A/N: 'Allo. Nothing serious.

Military Decorum, or Lack Thereof

As he was being led through the wood by the ridiculously cheerful blonde manchild Harry couldn't help but notice that he was pulling off acrobatics that were simply not possible.

So running up a tree might not be completely out of the realms of possibility but walking along twigs without falling just… Was.

This guy could balance on a branch so thin that an anorexic squirrel would break it and fall off.

Harry was starting to come to the conclusion that the Prancy McGiggles might not be human.
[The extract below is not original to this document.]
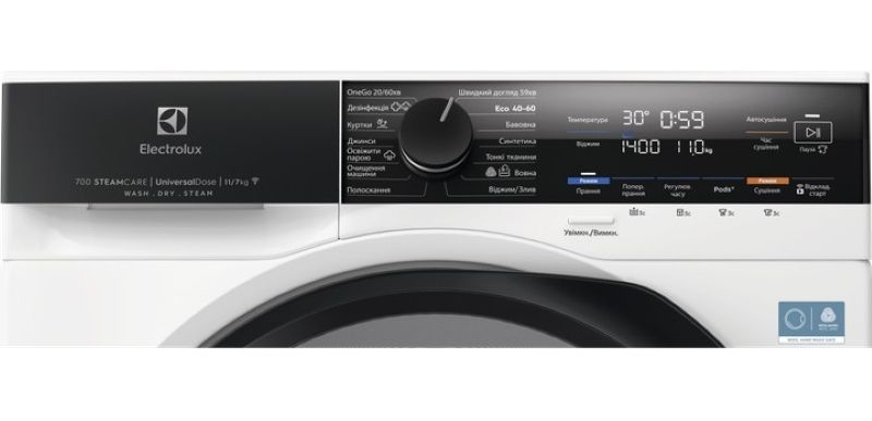 Програми:Бавовна, Вовна, Синтетика, Тонкі тканини, Джинси, Куртки, ополіскування, Еко 40-60, Освіження з обробкою парою, Віджимання/злив, Очищення машини, OneGo 20/60 хв, Швидкий догляд 59 хв

This conclusion was further reinforced when Harry surreptitiously attempted to pull off the stupid fake ears with a stealthy application of magic.

Blondie's girly squeal at having his ears near ripped off was almost completely ignored by Harry as he realised that they were real.

This bloke had actual real pointy ears. He'd heard of some weirdos who went in for that kind of body modification but this was real dedication to his craft.

Unless he really was somewhere utterly removed from Earth and this guy really did have pointy ears. Naturally.

Actually, now that he thought about it that seemed the more likely option. Harry had heard of Occam's Razor before and considered it completely useless in wizarding life. He had instead formulated Harry's Combine Harvester which stated 'If Harry Potter is in any way involved in an event then assume the most bizarre and convoluted set of circumstances is in fact the closest to the truth'.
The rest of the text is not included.